### Data extract ###

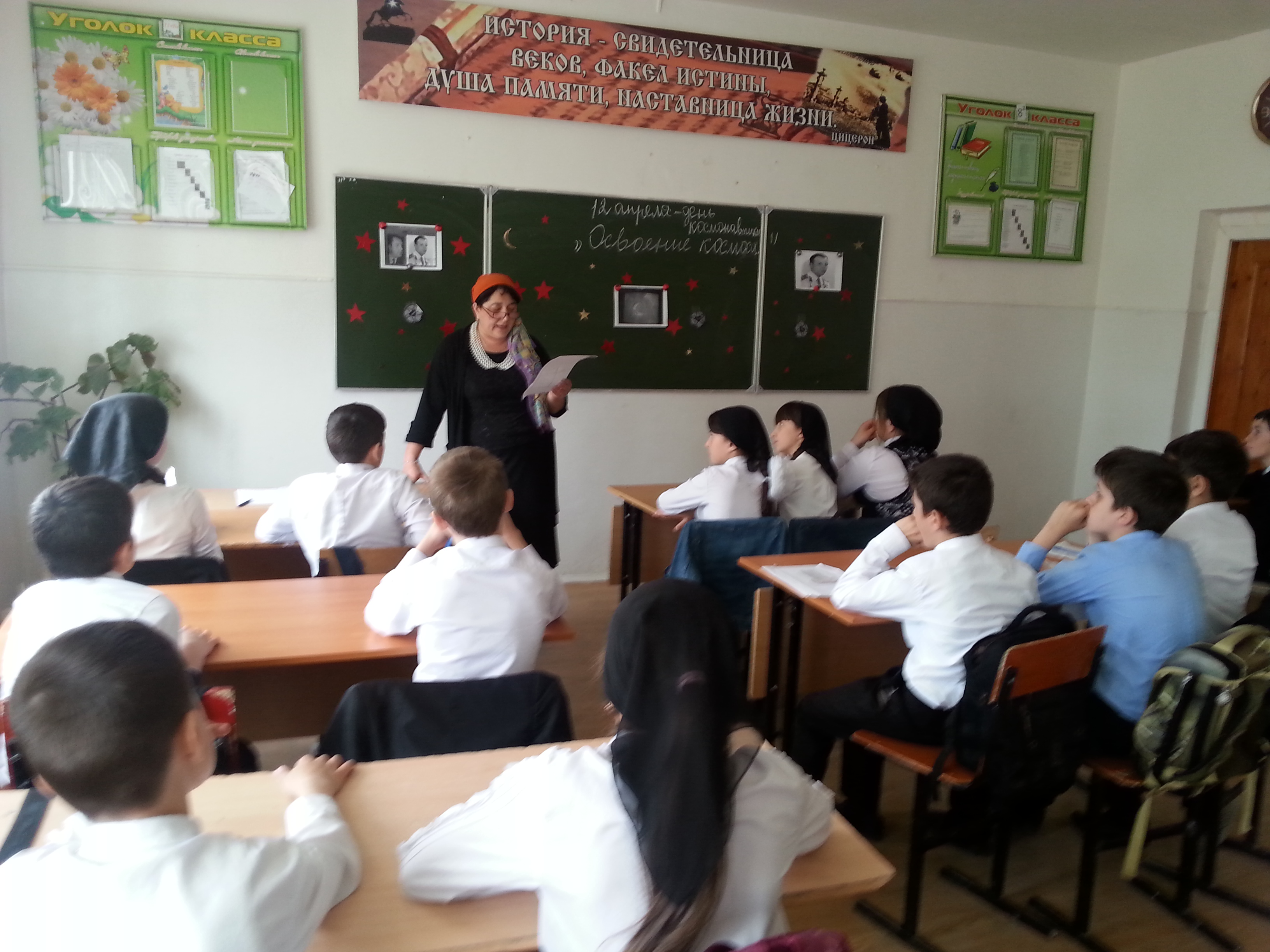 В День космонавтики, в 6 "В" классе был проведен открытый урок на тему: "Освоение космоса".Урок провела учительница физики Юнусова Р.А.
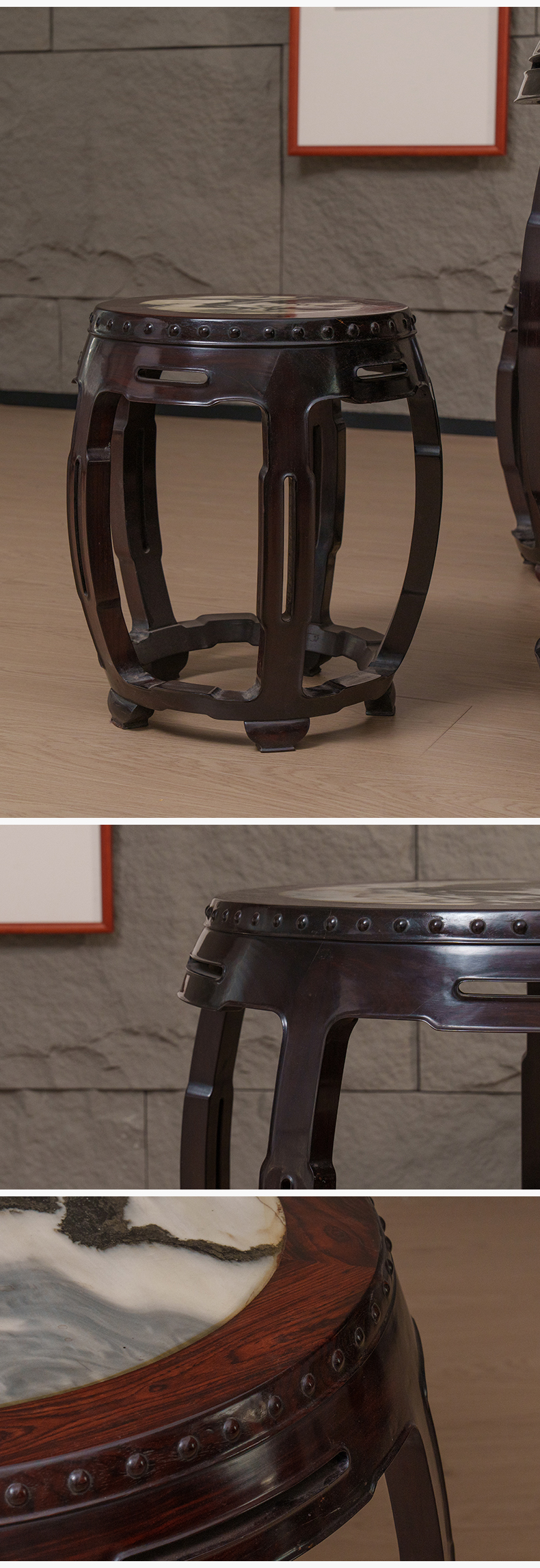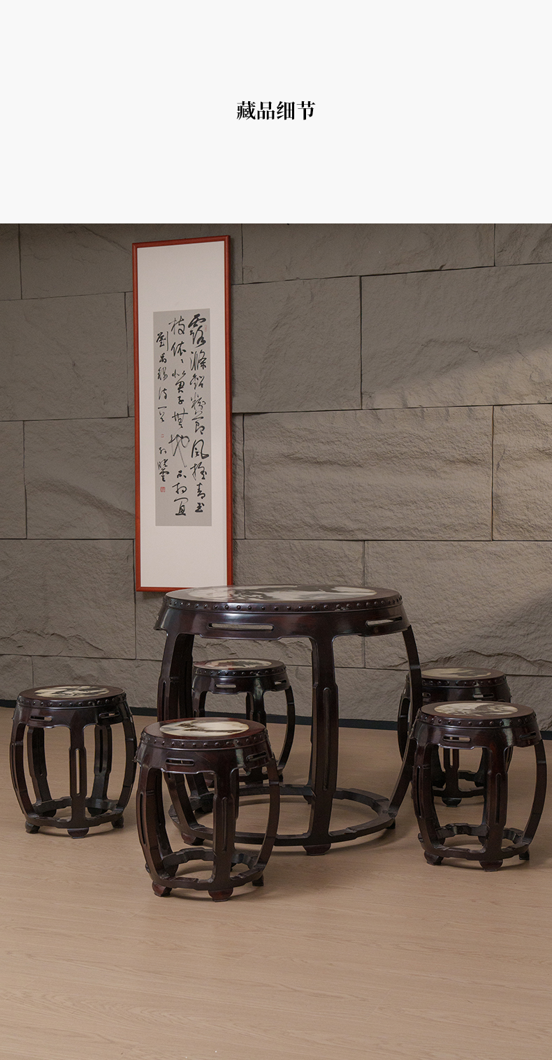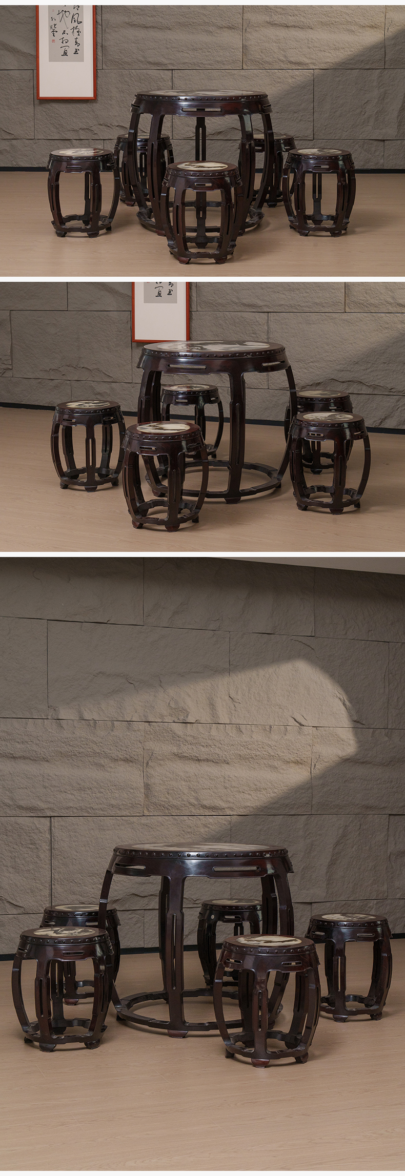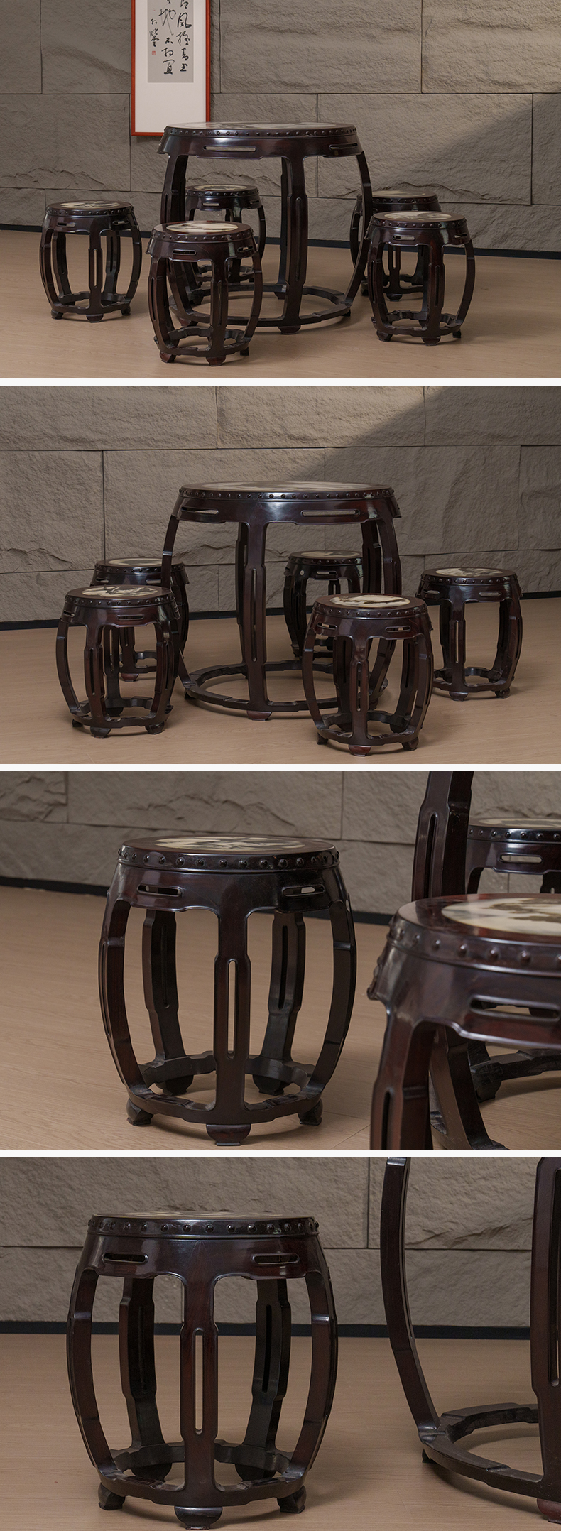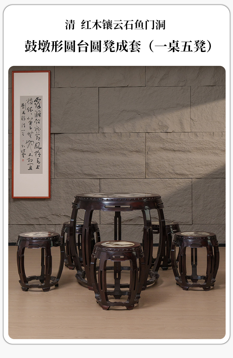 清 红木镶云石鱼门洞鼓墩形圆台圆凳成套(一桌五凳)
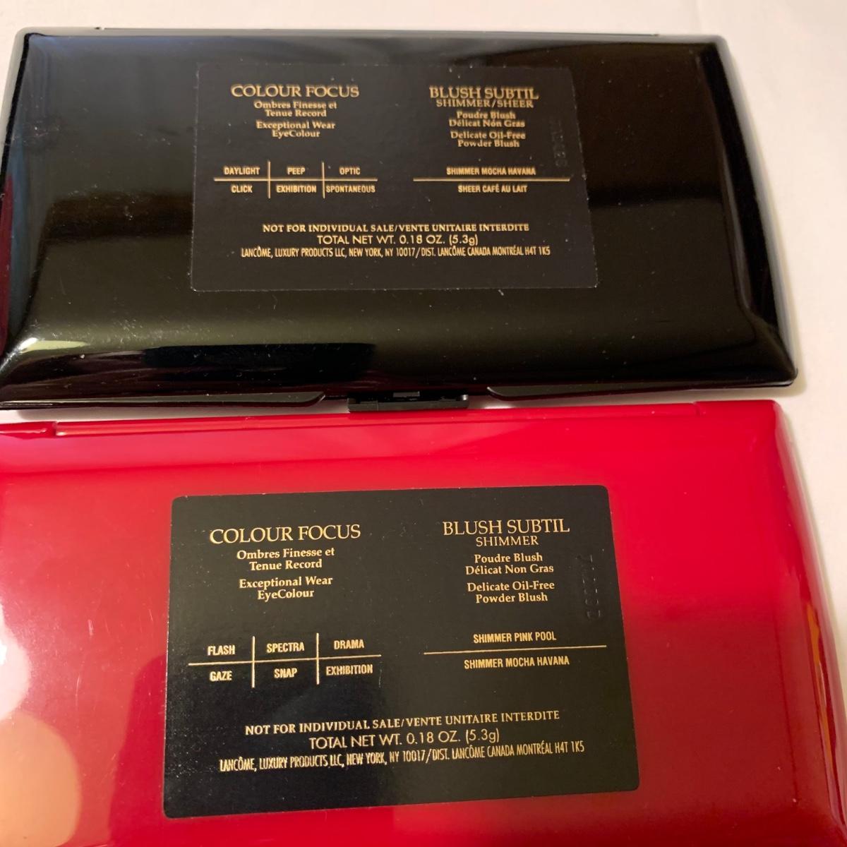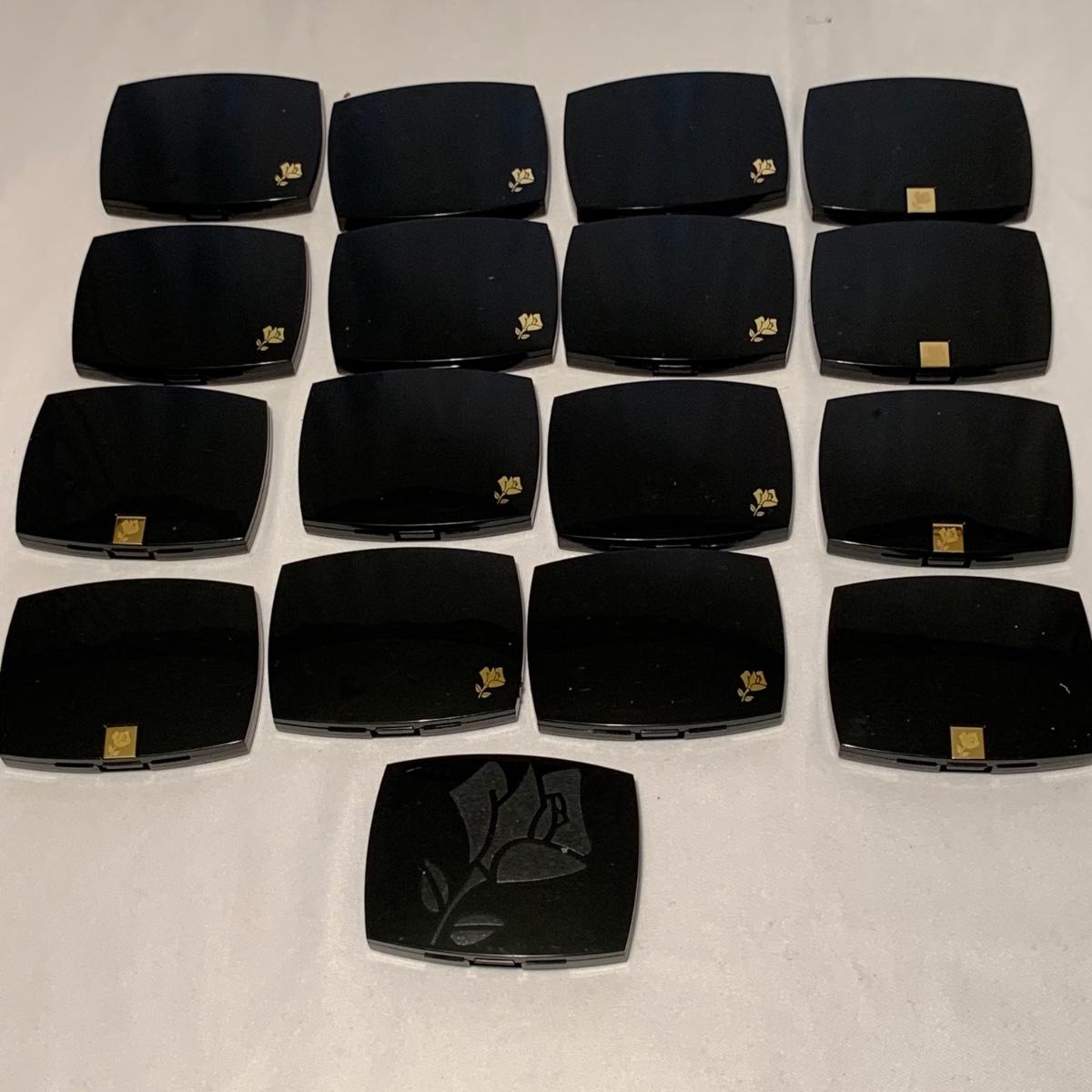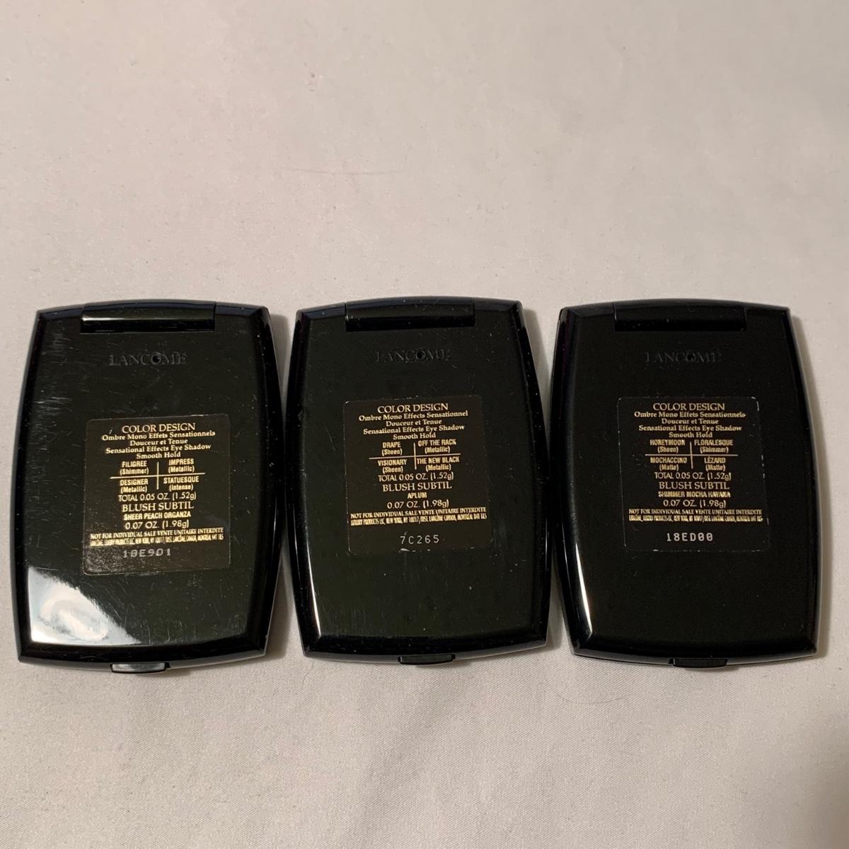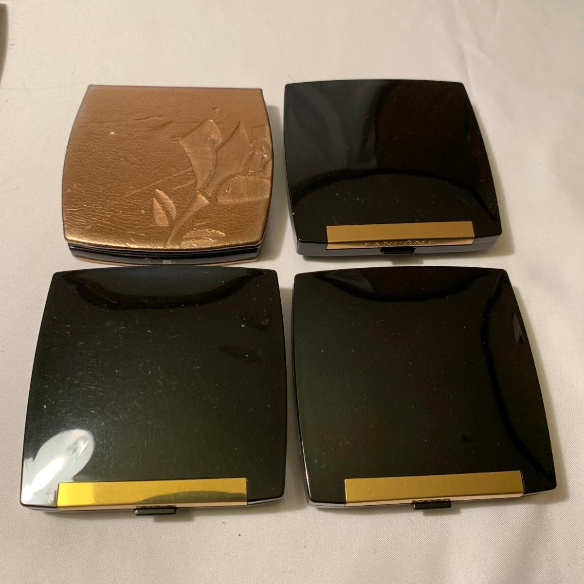 A huge variety of unused Lancôme makeup. Many shades of eyeshadows, bronzers, and blushes, as well as lipsticks, makeup brushes, lipstick cases, and an eyelash curler. Four hard Lancôme caddies are included, as well as two smaller pouches. The black and white caddy measures 13” x 8” x 6”. Local pickup only.

###

• Exercise objective: Would you print the listing above in full, exactly, but with no pictures?

• Task response:
 В День космонавтики, в 6 "В" классе был проведен открытый урок на тему: "Освоение космоса".Урок провела учительница физики Юнусова Р.А.
 清 红木镶云石鱼门洞鼓墩形圆台圆凳成套(一桌五凳)
 A huge variety of unused Lancôme makeup. Many shades of eyeshadows, bronzers, and blushes, as well as lipsticks, makeup brushes, lipstick cases, and an eyelash curler. Four hard Lancôme caddies are included, as well as two smaller pouches. The black and white caddy measures 13” x 8” x 6”. Local pickup only.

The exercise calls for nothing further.